Every internal tool eventually faces the same wall.

You start with a clean dashboard. Users want to "add a phone number to a contact" — you build a button. They want to "log a research note" — another button. They want to "rewrite a draft in a different tone" — modal, form, preview, save. Six months later, the right rail of your detail page is a Christmas tree of action buttons and your design team is asking for a redesign.

A chat panel collapses all of this. The operator types "the direct line is 555-0142, log it and re-enrich" — the agent calls three tools in sequence and the work is done. No new buttons. No new modals. No new training docs.

But the chat panel only works if the agent can actually do things. Which is the architecture problem.

The Architecture in One Diagram

Two client surfaces, one agent core. The web client talks through a WebSocket bridge; the TUI cuts out the middleman and pumps stdio directly. Both end up at the same MCP boundary, hitting the same API. The interesting part is what's at each boundary, because that's what makes it tech-agnostic.

The TUI deserves a special mention. It's not just a development tool — it's a real client. Internal users who live in the terminal (engineers, ops, power operators) often prefer a pnpm chat --candidate <id> invocation over opening a browser tab. Because the TUI speaks stream-json directly to the agent subprocess, you can ship the TUI without ever building the WebSocket bridge — it's the smallest viable deployment of the whole pattern.

Boundary 1: The Frontend Doesn't Know There's an Agent

The browser opens a WebSocket and sends JSON frames:

{"type": "user", "text": "log 555-0142 as a direct phone"}

It receives back:

{"type": "delta",    "text": "Logging 555-0142..."}
{"type": "tool_use", "name": "add_candidate_contacts", "input": {...}}
{"type": "result",   "cost_usd": 0.0123}

That's it. The frontend doesn't know which agent is running. It doesn't know which model. It doesn't know what tools exist. It renders streaming text and a thin "tool was called" badge so the operator sees what's happening.
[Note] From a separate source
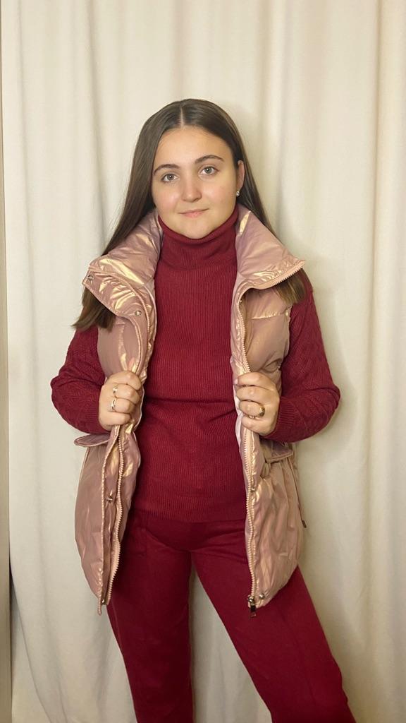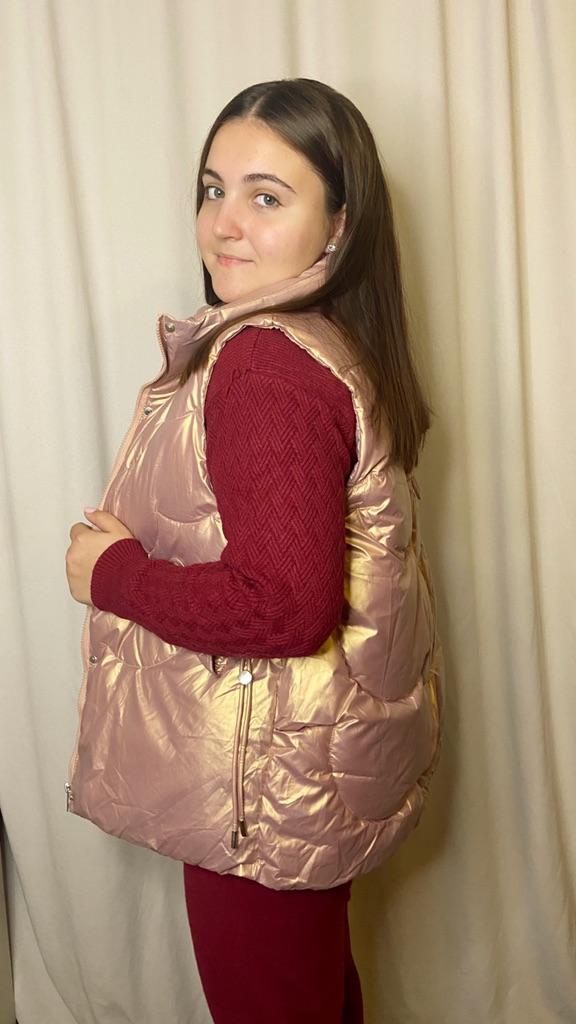 @anaisjoom - мой Телеграмм-канал. Присоединяйтесь, друзья, буду очень рада🥰🌸 Скажу вам одно, жилетка просто нереальная. Цвет шикарный😍😍😍Освежает образ. Плюс ко всему этот предмет гардероба является трендом наступающих сезонов. 🔸У продавца представлены размеры от M до 2XL. На мне тот, что поменьше. Мои параметры: ОГ - 82 см ОТ - 63 см ОБ - 86 см Длина рукава - 45 см Ширина плеч - 37 см Рост 165 см 🔸Замеры жилетки M ОГ - 100 см ОТ - 96 см ОБ - 104 см 🔸Материал просто наиприятнейший, такой классный😍 Есть подклад другого не менее крутого оттенка. Вся фурнитура супер качественная. Замочки, заклёпки, декорация - все имеется. 🔸Жилетка идёт под горло. Я думала сначала, что не очень удобно будет, но, к счастью, я ошиблась. Все супер. 🔸Жилетка лёгкая. Наполнена синтепоном. Очень теплая, прям супер теплая. 🔸Пошив аккуратный. К Hii Bloom нет никаких претензий) 🔸Такая вещь сочетается практически с чем угодно, что очень удобно) Я очень благодарна продавцу ❤️ и Joom ❤️ за такую прекрасную вещь. И вам от всего сердца рекомендую эту красоту.

This works in Next.js, SvelteKit, Remix, Astro, plain Vite + React, even a plain HTML page with a WebSocket. The contract is six message types. Anyone who can hold a WebSocket open can host the chat panel.

Boundary 2: The Bridge Speaks ACP On One Side, WebSocket On the Other

The bridge is the only piece that has to know about ACP. Its job is small:

  1. Accept a WebSocket from the browser
  2. Spawn the agent (an ACP server) as a subprocess
  3. Translate user turns from the WebSocket frame format into ACP messages on the agent's stdin
  4. Translate ACP events from the agent's stdout into the browser's frame format
  5. Tear everything down on disconnect

In our case the bridge is FastAPI (~150 lines), but the bridge could equally be Express, Fastify, Rails Action Cable, Phoenix, or a Cloudflare Worker. There's no business logic here. The bridge is an ACP-to-WebSocket translator, not a brain.
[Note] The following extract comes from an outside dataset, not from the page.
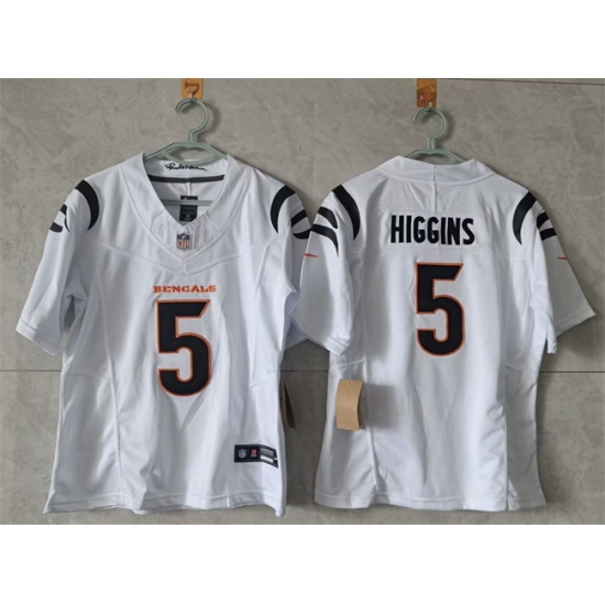 Women Cincinnati Bengals 5 Tee Higgins White F U S E Stitched Vapor Football Jersey

Boundary 3: The Agent Is an ACP Server

This is where most teams overcomplicate things. You don't need to build an agent. You just need one that speaks ACP — the Agent Client Protocol — over stdio. ACP is the open spec (originally from Zed) that standardizes how a host application drives a coding agent: how user turns are sent in, how partial assistant deltas, tool calls, and tool results stream out, how permission requests are negotiated.

Your bridge (or TUI) opens an ACP session against the agent subprocess and pumps frames in both directions. That's the only contract you need to honor. Everything else — which model, which provider, how reasoning happens, how tools are executed — is the agent's problem.

The mature ACP-speaking agents you can drop in today:

Claude Code (claude --print --input-format stream-json --output-format stream-json). Anthropic's CLI agent. Stream-json is its ACP-compatible wire format. You get skills, MCP, sub-agents, web search, and model upgrades for free. This is what we run in production.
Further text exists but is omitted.